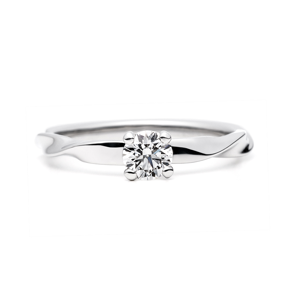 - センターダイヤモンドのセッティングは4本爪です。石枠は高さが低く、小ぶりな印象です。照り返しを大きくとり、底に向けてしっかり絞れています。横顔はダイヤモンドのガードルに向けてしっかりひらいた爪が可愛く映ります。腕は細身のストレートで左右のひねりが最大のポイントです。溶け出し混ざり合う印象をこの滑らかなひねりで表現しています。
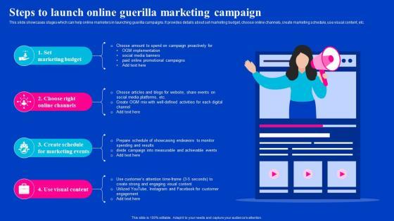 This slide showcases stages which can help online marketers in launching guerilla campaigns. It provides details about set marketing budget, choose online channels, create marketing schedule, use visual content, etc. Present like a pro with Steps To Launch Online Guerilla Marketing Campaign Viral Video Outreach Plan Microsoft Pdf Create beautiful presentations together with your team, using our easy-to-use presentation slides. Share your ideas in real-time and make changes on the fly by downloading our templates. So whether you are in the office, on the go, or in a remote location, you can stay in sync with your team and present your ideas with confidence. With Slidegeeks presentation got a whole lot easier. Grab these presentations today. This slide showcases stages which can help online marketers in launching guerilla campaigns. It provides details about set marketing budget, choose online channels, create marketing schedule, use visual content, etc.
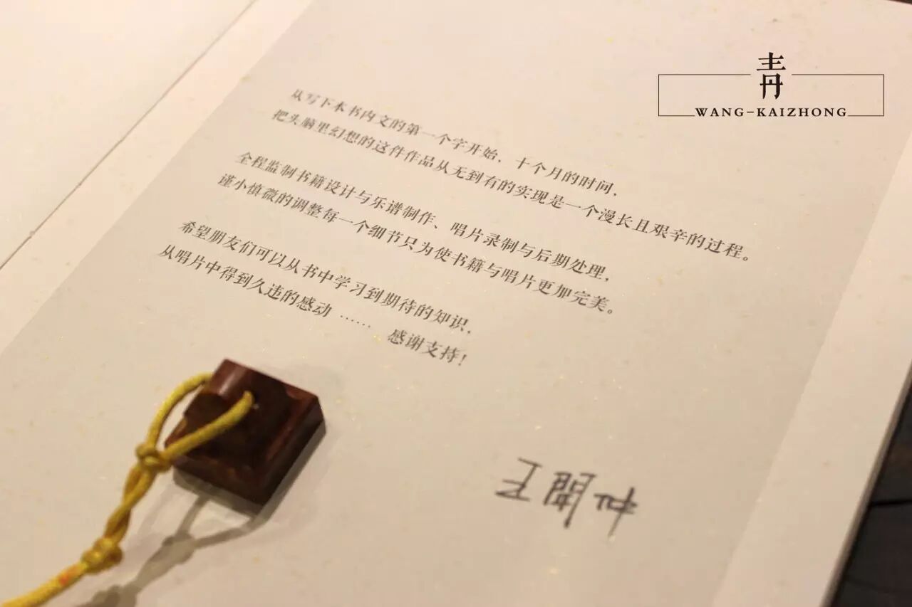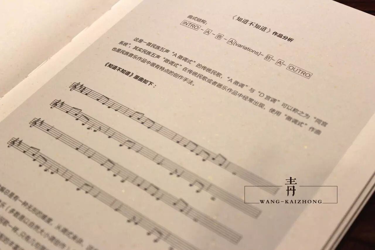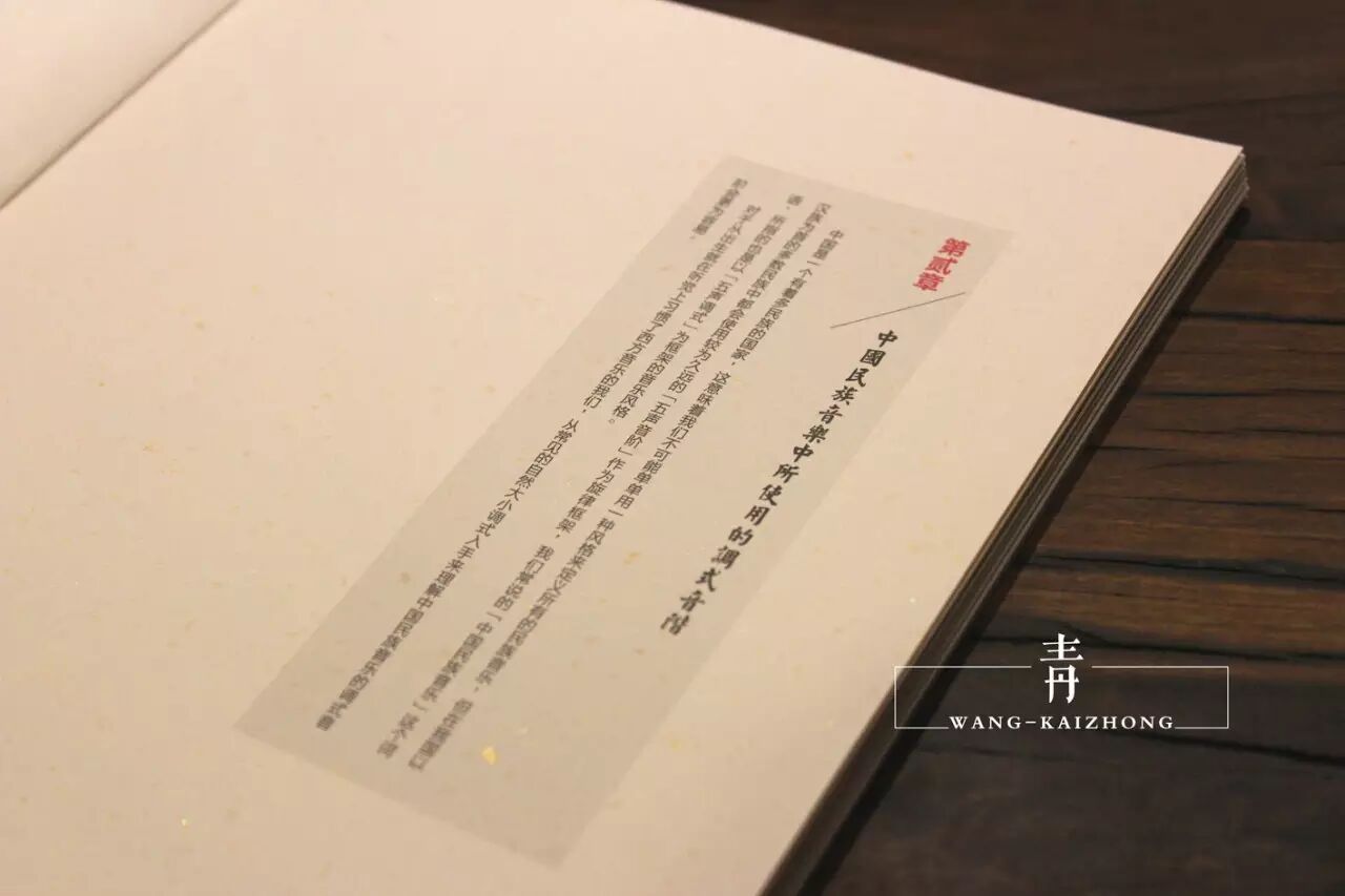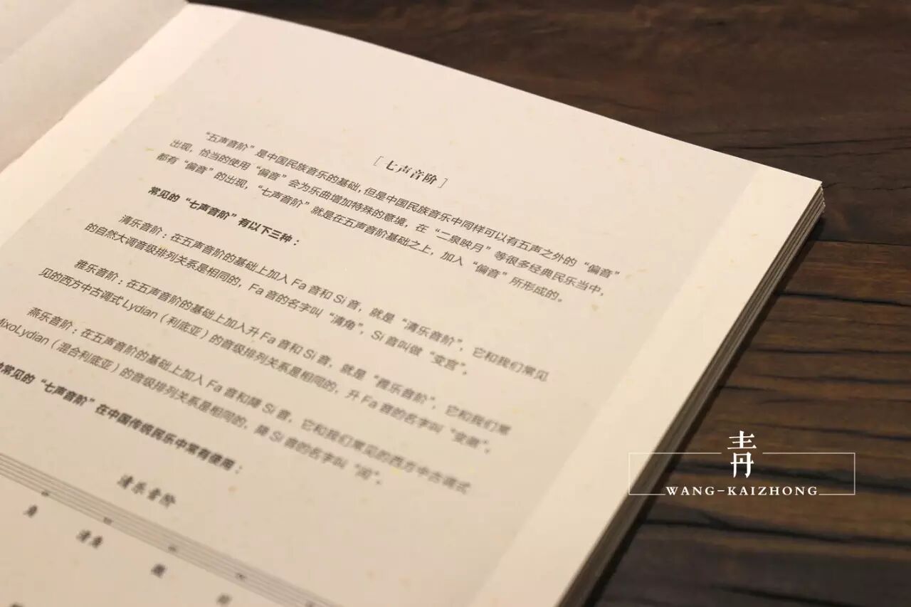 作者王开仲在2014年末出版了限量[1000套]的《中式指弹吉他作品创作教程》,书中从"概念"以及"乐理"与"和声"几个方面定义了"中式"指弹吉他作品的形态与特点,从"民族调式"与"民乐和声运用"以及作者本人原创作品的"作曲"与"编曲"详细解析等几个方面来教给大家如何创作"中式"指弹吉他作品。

* * *

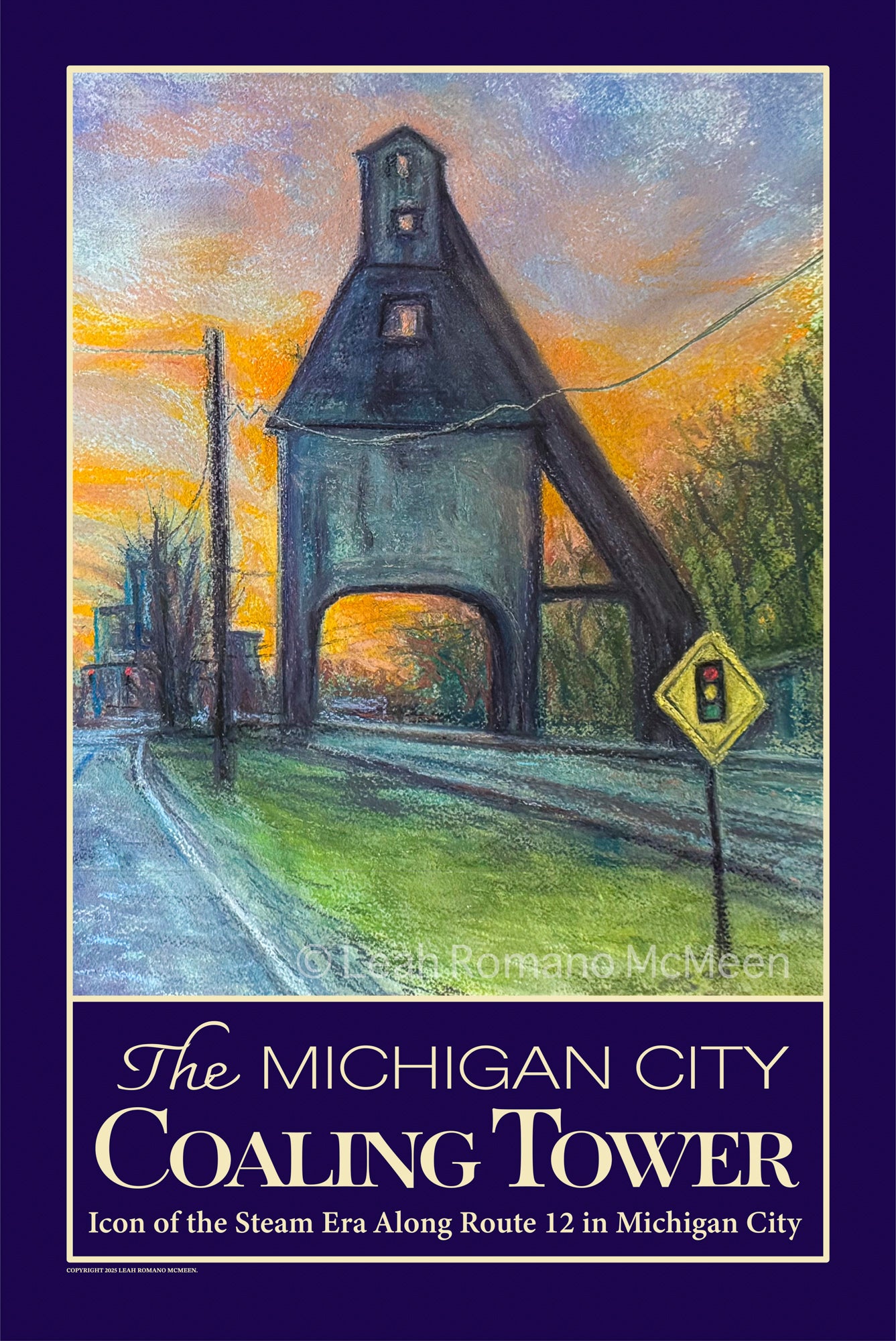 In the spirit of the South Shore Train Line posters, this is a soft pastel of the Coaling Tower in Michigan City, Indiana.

● Problem details: When copying from the data above, print only the lines from the line containing "content, etc. Present" to the line containing "作者王开仲在2014年末出版", exactly, and leave the pictures out.

● Solution for this task:
 This slide showcases stages which can help online marketers in launching guerilla campaigns. It provides details about set marketing budget, choose online channels, create marketing schedule, use visual content, etc. Present like a pro with Steps To Launch Online Guerilla Marketing Campaign Viral Video Outreach Plan Microsoft Pdf Create beautiful presentations together with your team, using our easy-to-use presentation slides. Share your ideas in real-time and make changes on the fly by downloading our templates. So whether you are in the office, on the go, or in a remote location, you can stay in sync with your team and present your ideas with confidence. With Slidegeeks presentation got a whole lot easier. Grab these presentations today. This slide showcases stages which can help online marketers in launching guerilla campaigns. It provides details about set marketing budget, choose online channels, create marketing schedule, use visual content, etc.
 作者王开仲在2014年末出版了限量[1000套]的《中式指弹吉他作品创作教程》,书中从"概念"以及"乐理"与"和声"几个方面定义了"中式"指弹吉他作品的形态与特点,从"民族调式"与"民乐和声运用"以及作者本人原创作品的"作曲"与"编曲"详细解析等几个方面来教给大家如何创作"中式"指弹吉他作品。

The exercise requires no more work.